Owner’s equivalent of rent up 0.6% for the month and 7.1% year-over-year.
Food at home:
The CPI for “food at home” rose by 0.1% in September from August. The 2.4% year-over-year increase was the smallest in two years since August's 3.0%.
While food prices have started to come down from there crazy pandemic spike, but the true insidious nature of inflation is prices never go all the way back down:
Food at home by category | MoM | YoY |
---|---|---|
Overall Food at home | 0.1% | 2.4% |
Cereal | 0.4% | 4.8% |
Beef | 0.6% | 7.0% |
Poultry | 0.4% | -0.4% |
Fish | -1.2% | -1.5% |
Eggs | 0.1% | -14.5% |
Dairy | 1.4% | -2.1% |
Butter | 2.4% | -4.0% |
Fresh Fruits | -0.1% | 0.1% |
Fresh Vegetables | -0.4% | -1.2% |
Juice | -0.4% | 4.4% |
Coffee | 0.7% | 1.6% |
Fats and Oils | -0.5% | 2.7% |
Baby Formula | 2.3% | 9.2% |
Alcoholic beverages at home | 0.8% | 4.2% |
TLDRS:
- (CPI) rose by 0.4% in September from August.

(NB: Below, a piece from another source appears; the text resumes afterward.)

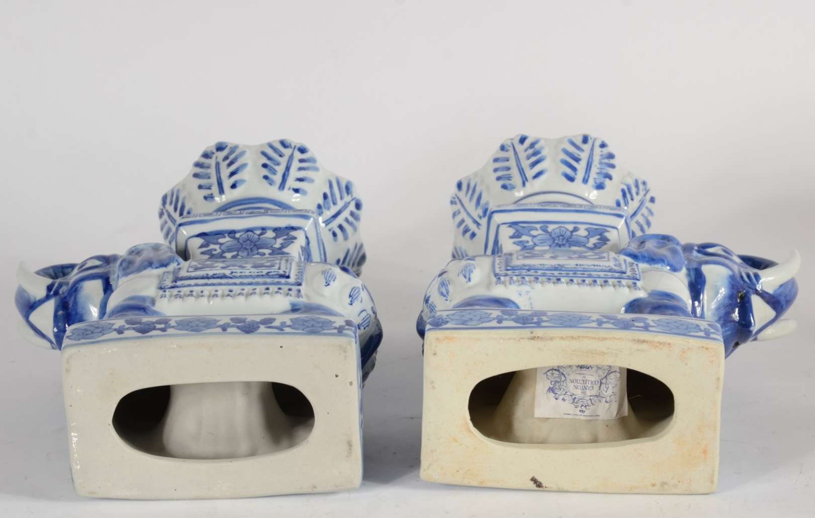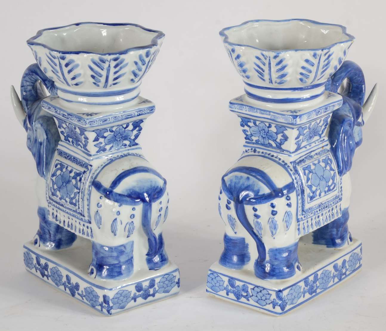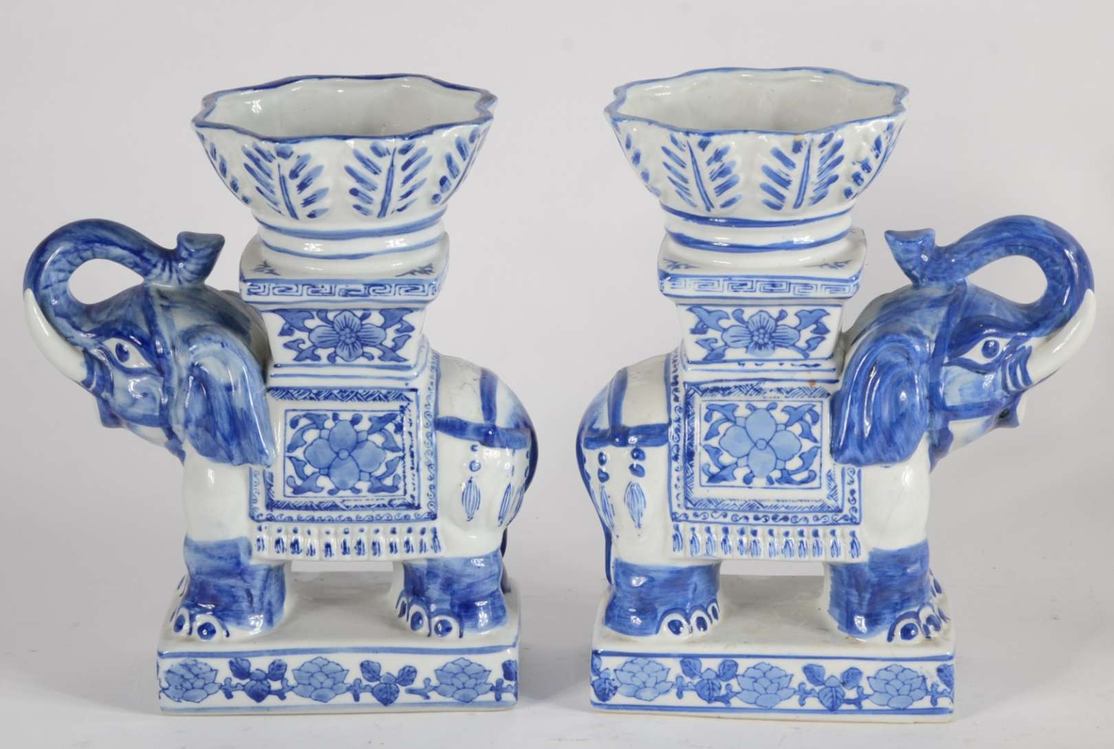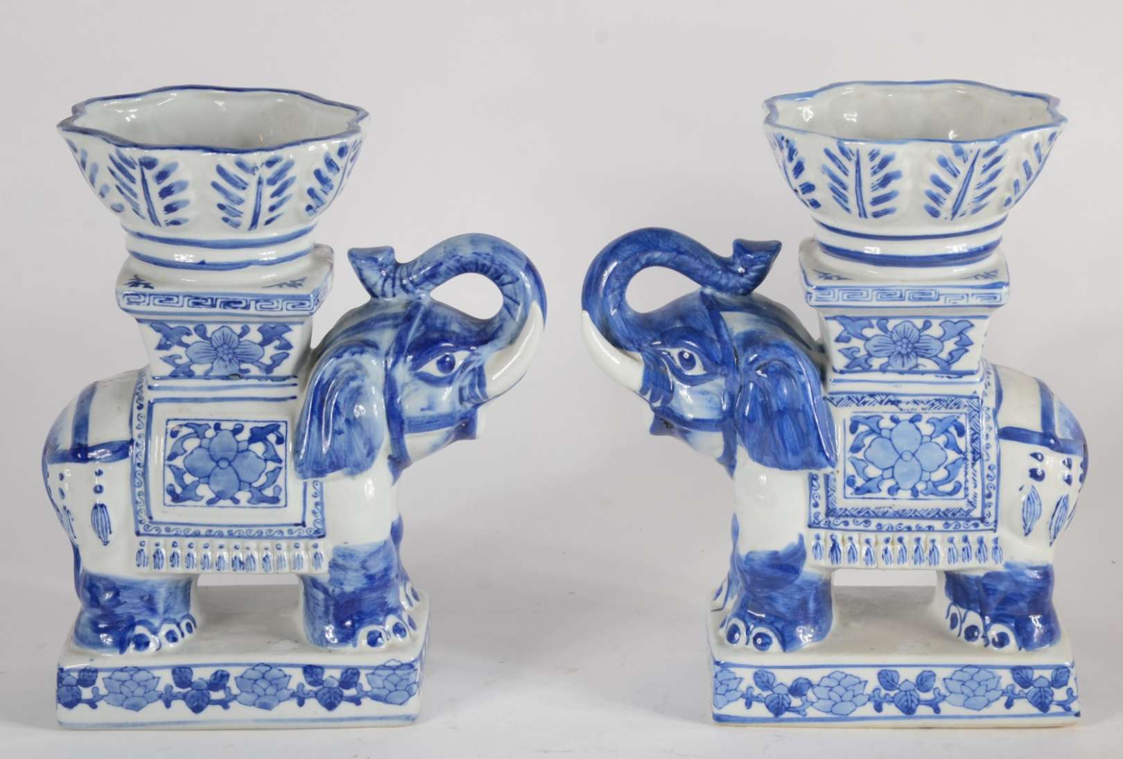 Par de esculturas de porcelana oriental azul e branca na forma de elefantes.

- With month-to-month inflation continuing to grow, over the last 12 months, the all items index increased 3.7%.
- This is all on the heels of a red-hot August (.6% month-to-month, 3.7% year-over-year).
- Inflation is not slowing down!
- Reminder, while banks have the liquidity fairy, 'we' get the promise of more rate hikes this year, Atlanta Fed President Raphael Bostic yet again enrichens himself inappropriately from his position.
- To fix one end of their mandate (price stability) from the inflation problem they created, the Fed will continue sacrificing employment (the other end of their mandate) to bolster price stability by continuing to raise interest rates--causing further stress to businesses and households.
- I believe inflation is the match that has been lit that will light the fuse of our rocket.